# Particle motion diff eq

1. Sep 8, 2005

### infraray

I'm given F=kvx. I need to find x(t), k is a positive constant, and the particle passes thru the origin with speed Vo at time t=0.

I start by rewriting the formula as such:

dv/dt=k*dx/dt*x

I am confused now though because I now have dv,dt, and dx. I assume I need to get everything in terms of dx and dt. Can I use seperation of variables or do I need another technique?

2. Sep 8, 2005

### quasar987

Is v the speed?

If so, you got F=kvx, which can be rewriten as

$$F = k\frac{dx}{dt}x$$

and F = ma, which can be rewritten as

$$F = m\frac{d^2x}{dt^2}$$

$$k\frac{dx}{dt}x = m\frac{d^2x}{dt^2}$$

3. Sep 8, 2005

### amcavoy

Now is this where you have trouble? $kx=mx^{2}$ has solutions x=0 and x=k/m. What does this tell you about the differential equation?

Last edited: Sep 8, 2005
4. Sep 8, 2005

### infraray

Ok, after some tinkering I was able to get:
$$k\frac{dx}{dt}x = m\frac{d^2x}{dt^2}$$
Since it doesn't appear to be able to be put into a 1st order equation I assume I am out of luck with seperation, or am I?

Sorry, but I'm not sure what x=0, x=k/m tells me about the equation. Are they linear dependent? The lighter the object the further it travels?
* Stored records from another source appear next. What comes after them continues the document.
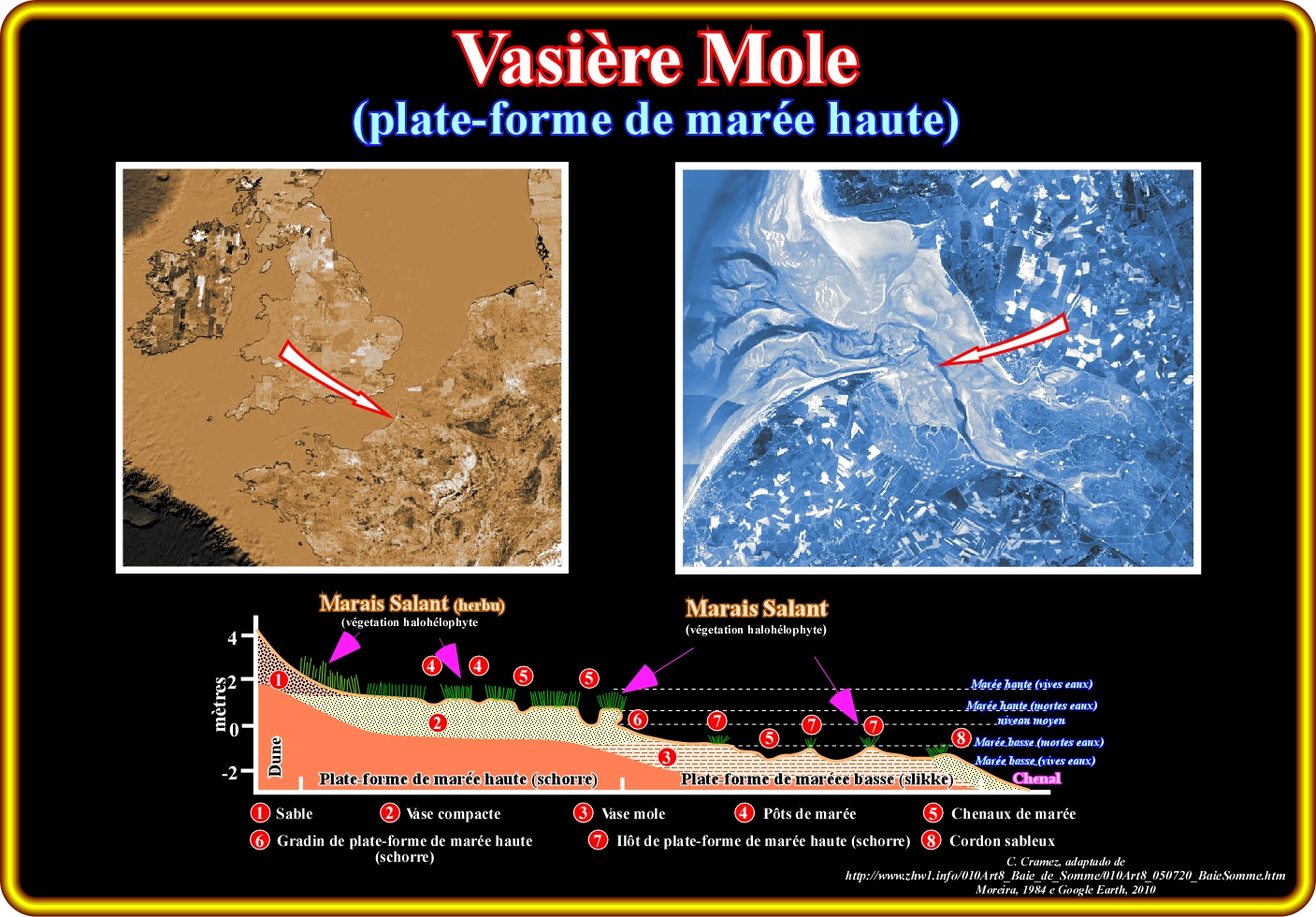 Les vasières compactes et moues de la plate-forme de haute-marée («Schore-Hiss" en anglais) correspondent à des empilements de sédiments marins et fluviaux fins, qui sont couverts par la mer à marée haute. La végétation pousse peu sur ce type de dépôt, mais la productivité biologique est très importante. L'abondance de micro-organismes, crabes, vers et mollusques attire des nombreux oiseaux, dont le célèbre l'huîtrier (facilement reconnaissables à leur silhouette noire, qui contraste avec la couleur orange du bec orange et dont l'appel aigu caractéristique s'ajoute au fort bruissement du déferlement des vagues sur les rochers où il vit), qui est accusé d'avoir joué un rôle actif dans l'épuisement des ressources. Notons dans la partie inférieure de ces vases, la présence de certaines algues et de Moliço (terme portugais qui désigne, indépendamment des espèces, des plantes qui constituent la végétation qui pousse immergé dans les eaux des marais et entre lesquelles on peut citer la Zostera marina ou bande» et la Zostera noltii, connue comme de «Sirgo», «Moss», «Seba» ou «cirgo"), qui favorise l'accumulation de sédiments. La partie supérieure de la vase compacte de haute-marée est colonisée par halophytes comme salicorne et la spartine, qui fixent la boue dans leurs racines. Les marais (formations alluviales périodiquement inondées par l'eau salée et occupées par une végétation halophyte ou, dans certains cas, par des manteaux de sel), qui se forment par une montée du niveau du sol, en raison des accumulations successives de sédiments, et qui sont couvertes pendant la marée haute, sont généralement séparés de la vase compacte par une micro-falaise (petite rupture de l'inclinaison du sol). Les marais, qui dans les régions tropicales sont connus par mangroves) fournissent un pâturage de qualité pour les troupeaux de moutons. Dans la photo illustrée dans cette figure, les marais sont couverts par de nombreux plans d'eau qui sont utilisés pour la chasse. Si l'envasement de la baie illustrée dans la photo (Baie de Somme, France) est un phénomène connu depuis de nombreuses années, son intensité accélère l'étendue des marais, qui étaient peu développées au début du XXe siècle, mais qui occupent désormais une superficie importante de l'estuaire et sa progression ne s'arrête pas d'augmenter.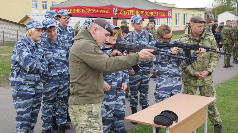 В начале, ребятам показали тематические видео о внутренних войсках и их роли в системе защиты мира Беларуси, об их сотрудничестве с другими родами вооруженных сил. Подготовка курсантов строится на опыте милицейского и армейского спецназа, практическом полевом опыте. Выпускник факультета должен владеть многими видами стрелкового оружия, иметь прекрасную физическую форму и специальную тактическую подготовку в условиях города и пересеченной местности.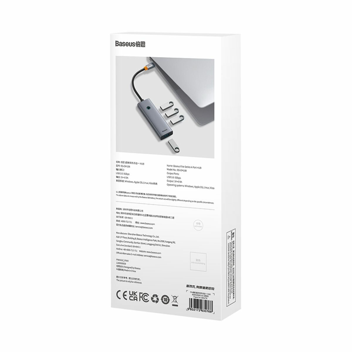 Хаб OS-Baseus Flite Series 4-Port HUB (Type-C - USB3.0*4) Серый (B0005280A813-03)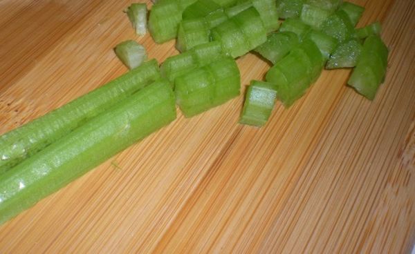 - Нарезать корень сельдерея. Часть оставить для украшения.

It's been over 2 years since diff eq and my head is a mess right now. I feel helpless. My teacher keeps saying this is easy, but when you've been away from it for a while, it is very hard. It's not like riding a bike that's for sure.

5. Sep 9, 2005

### HallsofIvy

Staff Emeritus
Try using the fact (chain rule) that
$$\frac{dv}{dt}= \frac{dv}{dx}\frac{dx}{dt}= v\frac{dv}{dx}$$
to eliminate t from the equation.

$$m\frac{dv}{dt}= mv\frac{dv}{dx}= F= kxv$$